[Bug] Pointpillars training fails on Kitti after 2 epoch (ERROR: numba.cuda.cudadrv.driver.LinkerError and ptxas application ptx input, line 9; fatal : Unsupported .version 7.6; current version is '7.4') #2720
running
python python tools/train.py configs/pointpillars/pointpillars_hv_secfpn_8xb6-160e_kitti-3d-car.py
on KITTI dataset
after the first epoch ends I get:
Converting 3D prediction to KITTI format
[>>>>>>>>>>>>>>>>>>>>>>>>>>>>>>>>>>>>>>>>>>>>>>>>>>] 50/50, 895.5 task/s, elapsed: 0s, ETA: 0s
Result is saved to /tmp/tmpqdiad9q5/results/pred_instances_3d.pkl.
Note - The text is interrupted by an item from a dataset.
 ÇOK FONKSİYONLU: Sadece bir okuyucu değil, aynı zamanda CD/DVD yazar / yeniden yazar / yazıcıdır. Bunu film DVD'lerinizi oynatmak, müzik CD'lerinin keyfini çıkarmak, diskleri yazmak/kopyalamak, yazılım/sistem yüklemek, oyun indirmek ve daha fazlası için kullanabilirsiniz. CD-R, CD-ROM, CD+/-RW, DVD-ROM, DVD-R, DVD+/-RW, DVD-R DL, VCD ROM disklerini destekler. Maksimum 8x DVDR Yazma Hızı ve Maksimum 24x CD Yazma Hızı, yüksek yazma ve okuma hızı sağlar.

Traceback (most recent call last):
File "/home/lw/miniconda3/envs/openmmlab/lib/python3.8/site-packages/numba/cuda/cudadrv/driver.py", line 2705, in add_ptx
driver.cuLinkAddData(self.handle, enums.CU_JIT_INPUT_PTX,
File "/home/lw/miniconda3/envs/openmmlab/lib/python3.8/site-packages/numba/cuda/cudadrv/driver.py", line 320, in safe_cuda_api_call
self._check_ctypes_error(fname, retcode)
File "/home/lw/miniconda3/envs/openmmlab/lib/python3.8/site-packages/numba/cuda/cudadrv/driver.py", line 388, in _check_ctypes_error
raise CudaAPIError(retcode, msg)
numba.cuda.cudadrv.driver.CudaAPIError: [222] Call to cuLinkAddData results in UNKNOWN_CUDA_ERROR
During handling of the above exception, another exception occurred:
Traceback (most recent call last):
File "tool/train.py", line 135, in
main()
File "tool/train.py", line 131, in main
runner.train()
File "/home/lw/miniconda3/envs/openmmlab/lib/python3.8/site-packages/mmengine/runner/runner.py", line 1745, in train
model = self.train_loop.run() # type: ignore
File "/home/lw/miniconda3/envs/openmmlab/lib/python3.8/site-packages/mmengine/runner/loops.py", line 102, in run
self.runner.val_loop.run()
File "/home/lw/miniconda3/envs/openmmlab/lib/python3.8/site-packages/mmengine/runner/loops.py", line 366, in run
metrics = self.evaluator.evaluate(len(self.dataloader.dataset))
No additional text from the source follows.